§ **Recorded data**

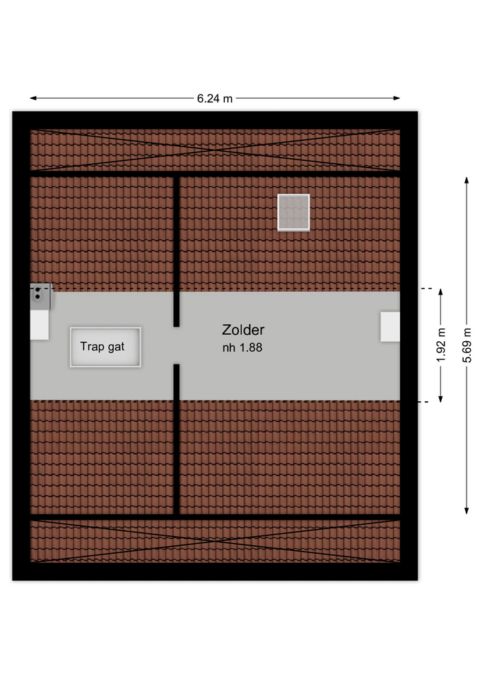 Via een trap in de bergingskast op de overloop is de zolderverdieping (ca. 11 m²) bereikbaar. De zolder heeft een nokhoogte van circa 1,88 meter en hier bevindt zich tevens de cv-installatie (HR-107 combiketel, 2016, huur).
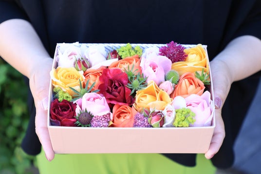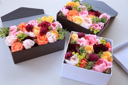園内で摘み取ったイングリッシュローズで作るボックスフラワー ※写真は春に参加されたお客様の作品
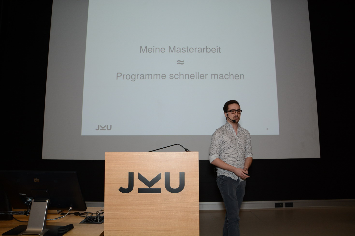 Der Adolf-Adam-Informatikpreis wird jährlich von der JKU für die beste Informatik-Masterarbeit des vergangenen Studienjahres vergeben. Studierende stellen in allgemein verständlicher Form ihre Arbeit vor. Schülerinnen und Schüler wählen anschließend per SMS-Voting den Preisträger bzw. die Preisträgerin (unter allen abgegebenen Stimmen wird ein iPhone verlost!). Die Präsentationen vermitteln etwas von der Faszination der Informatik und zeigen, womit sich unsere Studierenden beschäftigen.
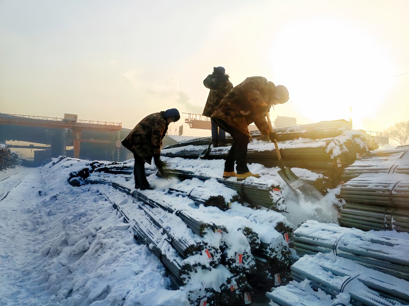 五矿钢铁哈尔滨公司员工清扫积雪、保障货物安全
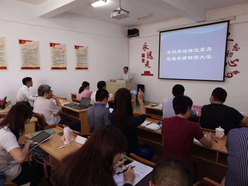 受WilliamHill官网科学技术处邀请,现挂职云南省委教育工委委员、云南省教育厅党组成员的第二十批博士服务团团长徐立于7月3日上午做客WilliamHill官网“云财大讲坛”,为云财师生带来讲座《新时代财经大学如何加强学科建设》。校党委委员、校长助理赵昶,科学技术处处长王林,法学院教师和部分研究生参加讲座。讲座由法学院院长佴澎主持。
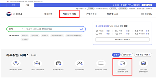 1. 고용24 홈페이지 - 기업회원 로그인

§ **Description of the task**
Print only the lines from the opening line of the listing to the line containing "五矿钢铁哈尔滨公司员工清扫积雪、保障货物安全", inclusive, exactly as they appear and without pictures.

§ **Expected answer**
 Via een trap in de bergingskast op de overloop is de zolderverdieping (ca. 11 m²) bereikbaar. De zolder heeft een nokhoogte van circa 1,88 meter en hier bevindt zich tevens de cv-installatie (HR-107 combiketel, 2016, huur).
園内で摘み取ったイングリッシュローズで作るボックスフラワー ※写真は春に参加されたお客様の作品
 Der Adolf-Adam-Informatikpreis wird jährlich von der JKU für die beste Informatik-Masterarbeit des vergangenen Studienjahres vergeben. Studierende stellen in allgemein verständlicher Form ihre Arbeit vor. Schülerinnen und Schüler wählen anschließend per SMS-Voting den Preisträger bzw. die Preisträgerin (unter allen abgegebenen Stimmen wird ein iPhone verlost!). Die Präsentationen vermitteln etwas von der Faszination der Informatik und zeigen, womit sich unsere Studierenden beschäftigen.
 五矿钢铁哈尔滨公司员工清扫积雪、保障货物安全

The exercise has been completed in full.